- _Collected material_
________________

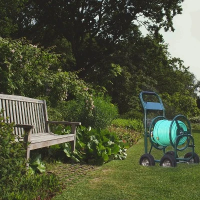 Keep the grass green on both sides of your yard, with Liberty Garden Products 4-Wheeled Garden Hose Reel Cart.Pneumatic tires keep your cart safe from any nibbling creatures that crawl into your yard, while the 5-foot leader hose with 90-degree brass swivel connector allows you to water from gate-to-gate with ease. Made of durable, 13-gauge steel powder coated construction with all brass and galvanized fixtures, this cart will last all year long.You can use the included storage basket to hold your gardening tools or your mid-chore snack. Stop risking an injury from tripping over a hose, and keep order to avoid a messy looking yard with a Garden Hose Reel Cart from Liberty Garden.
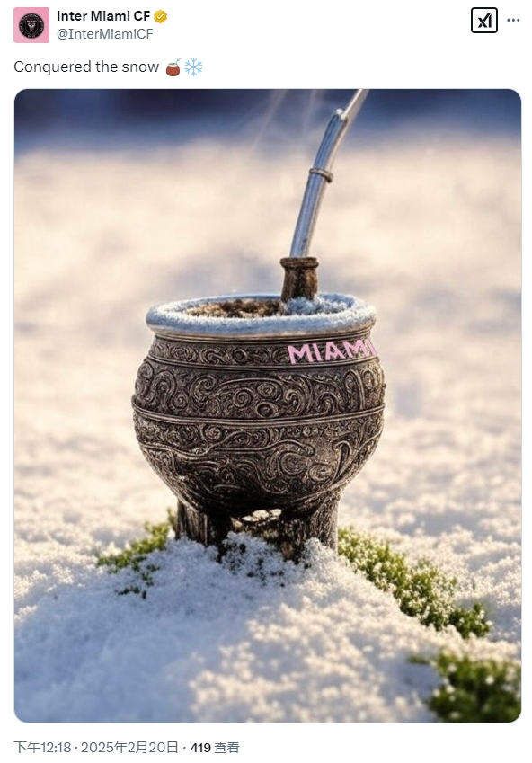 發(fā)布時間:2025年02月20日 12:50點擊:欄目:足球新聞 除特別注明外,本站所有內(nèi)容均為九球直播整理排版,轉(zhuǎn)載請注明出處:37歲梅西征服嚴寒!邁阿密官推曬結(jié)冰的馬黛茶:征服冰雪?? 本文標簽: 足球 梅西 邁阿密國際
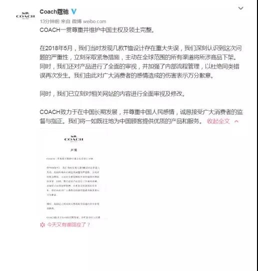 12日,Coach在其官方微博道歉,称Coach一贯尊重并维护中国主权及领土完整。
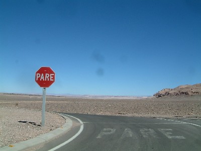 "........ Stel je voor: een woestijn waar een gladde asfaltweg doorheen loopt met hier en daar een afslag of een gelijkvloerse kruising. Soms is dat een voorrangskruising waar het rode stopbord “PARE” naast staat, voor de zekerheid is hetzelfde woord ook nog eens groot op het asfalt geschilderd. En wat ik nu zo geinig vind is dat iedere automobilist die in dit volkomen verlaten gebied voorbijkomt, opzichtig uitgebreid stopt en daarna even opzichtig uitgebreid naar links en naar rechts kijkt alvorens de kruising op te rijden. Alsof ze hun rijexamen aan het doen zijn.

________________

- _What is needed_
From the listing above, restate verbatim the lines running from the one with "足球 梅西 邁阿密國際" through the one with "12日,Coach在其官方微", inclusive, but not the pictures.

- _Exercise output_
 發(fā)布時間:2025年02月20日 12:50點擊:欄目:足球新聞 除特別注明外,本站所有內(nèi)容均為九球直播整理排版,轉(zhuǎn)載請注明出處:37歲梅西征服嚴寒!邁阿密官推曬結(jié)冰的馬黛茶:征服冰雪?? 本文標簽: 足球 梅西 邁阿密國際
 12日,Coach在其官方微博道歉,称Coach一贯尊重并维护中国主权及领土完整。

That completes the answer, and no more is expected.